*Problem to work on*.
Report how many lines in the listing below include the word "para". Write nothing besides the number.

*Records to process*.
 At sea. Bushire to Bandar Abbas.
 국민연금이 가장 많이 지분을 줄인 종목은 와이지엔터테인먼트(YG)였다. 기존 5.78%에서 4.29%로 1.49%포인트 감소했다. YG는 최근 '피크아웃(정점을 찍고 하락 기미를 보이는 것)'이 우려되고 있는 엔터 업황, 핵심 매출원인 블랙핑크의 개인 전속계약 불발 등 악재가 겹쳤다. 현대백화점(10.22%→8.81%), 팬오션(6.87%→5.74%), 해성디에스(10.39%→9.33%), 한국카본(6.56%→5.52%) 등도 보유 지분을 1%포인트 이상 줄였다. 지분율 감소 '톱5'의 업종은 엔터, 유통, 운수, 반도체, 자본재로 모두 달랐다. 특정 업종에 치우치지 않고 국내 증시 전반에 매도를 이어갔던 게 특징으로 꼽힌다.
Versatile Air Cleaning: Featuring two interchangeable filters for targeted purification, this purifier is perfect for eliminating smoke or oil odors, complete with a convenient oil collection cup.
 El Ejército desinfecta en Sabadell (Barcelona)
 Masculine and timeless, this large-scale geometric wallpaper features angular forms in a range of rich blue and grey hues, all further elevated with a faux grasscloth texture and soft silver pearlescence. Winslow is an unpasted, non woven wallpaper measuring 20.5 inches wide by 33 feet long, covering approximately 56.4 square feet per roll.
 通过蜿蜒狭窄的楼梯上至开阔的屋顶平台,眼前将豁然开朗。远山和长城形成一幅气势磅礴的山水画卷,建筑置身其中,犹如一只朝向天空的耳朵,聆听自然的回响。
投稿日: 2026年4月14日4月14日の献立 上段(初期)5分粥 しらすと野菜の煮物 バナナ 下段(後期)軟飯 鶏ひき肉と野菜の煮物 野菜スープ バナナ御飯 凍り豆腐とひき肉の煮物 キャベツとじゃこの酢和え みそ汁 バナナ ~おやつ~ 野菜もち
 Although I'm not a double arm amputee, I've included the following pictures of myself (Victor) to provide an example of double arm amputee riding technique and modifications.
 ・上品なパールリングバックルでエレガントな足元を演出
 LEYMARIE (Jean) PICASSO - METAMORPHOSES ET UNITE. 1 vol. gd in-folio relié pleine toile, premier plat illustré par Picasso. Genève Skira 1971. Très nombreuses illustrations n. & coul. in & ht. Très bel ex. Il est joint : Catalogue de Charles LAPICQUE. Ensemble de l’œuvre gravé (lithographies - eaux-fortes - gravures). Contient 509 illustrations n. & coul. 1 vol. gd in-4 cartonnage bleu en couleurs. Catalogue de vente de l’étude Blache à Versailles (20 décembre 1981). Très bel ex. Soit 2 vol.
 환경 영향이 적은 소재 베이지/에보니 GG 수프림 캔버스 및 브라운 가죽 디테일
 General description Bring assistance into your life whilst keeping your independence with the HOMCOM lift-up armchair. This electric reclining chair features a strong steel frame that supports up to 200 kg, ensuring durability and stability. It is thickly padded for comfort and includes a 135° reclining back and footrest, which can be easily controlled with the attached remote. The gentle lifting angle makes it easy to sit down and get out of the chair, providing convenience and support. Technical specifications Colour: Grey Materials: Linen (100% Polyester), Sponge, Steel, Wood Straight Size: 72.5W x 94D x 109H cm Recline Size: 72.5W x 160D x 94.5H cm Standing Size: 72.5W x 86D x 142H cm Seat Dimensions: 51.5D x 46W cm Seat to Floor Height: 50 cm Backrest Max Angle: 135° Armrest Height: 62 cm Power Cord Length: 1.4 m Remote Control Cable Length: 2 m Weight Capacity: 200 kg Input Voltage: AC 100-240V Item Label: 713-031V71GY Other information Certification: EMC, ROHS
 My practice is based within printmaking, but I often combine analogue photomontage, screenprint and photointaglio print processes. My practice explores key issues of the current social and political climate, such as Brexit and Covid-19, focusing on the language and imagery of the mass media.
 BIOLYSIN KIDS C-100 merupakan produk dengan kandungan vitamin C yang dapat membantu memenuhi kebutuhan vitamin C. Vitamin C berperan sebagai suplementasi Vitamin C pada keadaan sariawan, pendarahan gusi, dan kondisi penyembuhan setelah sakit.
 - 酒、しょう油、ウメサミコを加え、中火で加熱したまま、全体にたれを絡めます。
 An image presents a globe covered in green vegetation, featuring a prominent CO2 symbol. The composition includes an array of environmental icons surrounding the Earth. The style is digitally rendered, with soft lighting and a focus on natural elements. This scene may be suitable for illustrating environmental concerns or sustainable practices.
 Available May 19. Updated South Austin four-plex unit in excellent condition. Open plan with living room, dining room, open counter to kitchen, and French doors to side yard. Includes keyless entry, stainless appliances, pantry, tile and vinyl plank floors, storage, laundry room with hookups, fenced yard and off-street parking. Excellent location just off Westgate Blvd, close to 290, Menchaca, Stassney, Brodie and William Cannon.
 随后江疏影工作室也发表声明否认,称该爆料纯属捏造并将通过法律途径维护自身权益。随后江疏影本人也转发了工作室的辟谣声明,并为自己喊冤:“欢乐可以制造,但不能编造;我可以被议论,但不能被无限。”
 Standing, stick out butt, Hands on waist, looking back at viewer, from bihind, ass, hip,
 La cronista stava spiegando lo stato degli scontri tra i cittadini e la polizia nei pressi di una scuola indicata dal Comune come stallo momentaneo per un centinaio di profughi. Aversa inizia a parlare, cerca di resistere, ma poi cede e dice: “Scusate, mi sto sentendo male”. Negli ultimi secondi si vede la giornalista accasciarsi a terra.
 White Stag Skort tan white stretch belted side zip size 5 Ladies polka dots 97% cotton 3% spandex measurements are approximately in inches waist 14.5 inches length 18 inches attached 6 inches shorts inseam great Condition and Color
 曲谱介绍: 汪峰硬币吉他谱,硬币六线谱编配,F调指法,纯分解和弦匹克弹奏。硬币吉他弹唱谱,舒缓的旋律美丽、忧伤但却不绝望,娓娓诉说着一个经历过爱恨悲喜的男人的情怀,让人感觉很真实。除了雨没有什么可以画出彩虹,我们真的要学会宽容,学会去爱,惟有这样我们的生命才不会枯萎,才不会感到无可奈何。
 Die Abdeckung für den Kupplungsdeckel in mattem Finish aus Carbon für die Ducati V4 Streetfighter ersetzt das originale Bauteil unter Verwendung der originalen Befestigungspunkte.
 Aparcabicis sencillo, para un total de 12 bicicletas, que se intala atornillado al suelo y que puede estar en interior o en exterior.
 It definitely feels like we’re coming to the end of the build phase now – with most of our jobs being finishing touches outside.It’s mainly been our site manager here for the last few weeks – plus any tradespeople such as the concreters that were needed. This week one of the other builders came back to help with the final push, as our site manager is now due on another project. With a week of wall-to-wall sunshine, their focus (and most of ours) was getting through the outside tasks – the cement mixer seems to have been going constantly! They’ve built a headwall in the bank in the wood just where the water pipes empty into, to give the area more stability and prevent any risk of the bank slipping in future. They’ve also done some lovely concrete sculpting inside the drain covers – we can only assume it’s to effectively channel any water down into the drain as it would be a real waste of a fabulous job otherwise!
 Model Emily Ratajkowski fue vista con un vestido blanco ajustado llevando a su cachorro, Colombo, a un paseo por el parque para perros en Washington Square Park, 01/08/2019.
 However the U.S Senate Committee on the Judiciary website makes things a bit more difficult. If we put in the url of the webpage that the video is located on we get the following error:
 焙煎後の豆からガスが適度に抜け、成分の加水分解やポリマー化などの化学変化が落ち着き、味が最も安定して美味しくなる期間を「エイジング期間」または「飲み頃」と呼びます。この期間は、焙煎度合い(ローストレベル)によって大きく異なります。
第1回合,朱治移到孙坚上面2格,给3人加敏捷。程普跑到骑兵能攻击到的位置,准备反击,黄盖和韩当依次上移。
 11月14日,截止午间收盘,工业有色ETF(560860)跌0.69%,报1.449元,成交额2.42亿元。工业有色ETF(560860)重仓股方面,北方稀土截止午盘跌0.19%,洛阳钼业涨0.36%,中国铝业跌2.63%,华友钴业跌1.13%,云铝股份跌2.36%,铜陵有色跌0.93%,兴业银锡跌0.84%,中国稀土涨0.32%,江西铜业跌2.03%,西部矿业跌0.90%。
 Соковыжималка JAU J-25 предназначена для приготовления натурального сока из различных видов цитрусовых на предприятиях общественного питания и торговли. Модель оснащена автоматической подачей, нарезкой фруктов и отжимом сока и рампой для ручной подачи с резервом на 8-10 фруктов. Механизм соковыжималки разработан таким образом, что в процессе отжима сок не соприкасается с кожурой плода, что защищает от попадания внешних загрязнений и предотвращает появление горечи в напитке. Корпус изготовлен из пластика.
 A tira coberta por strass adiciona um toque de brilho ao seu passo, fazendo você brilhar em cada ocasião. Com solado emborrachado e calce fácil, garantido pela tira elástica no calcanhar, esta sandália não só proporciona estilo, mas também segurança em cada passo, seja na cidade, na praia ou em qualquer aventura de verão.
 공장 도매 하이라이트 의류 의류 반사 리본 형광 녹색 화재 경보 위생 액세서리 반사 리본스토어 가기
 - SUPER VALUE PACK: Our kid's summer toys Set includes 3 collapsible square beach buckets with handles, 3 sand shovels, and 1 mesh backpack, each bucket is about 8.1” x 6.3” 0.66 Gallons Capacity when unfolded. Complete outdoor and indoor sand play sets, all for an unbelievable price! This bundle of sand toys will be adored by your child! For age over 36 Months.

*Response*.
2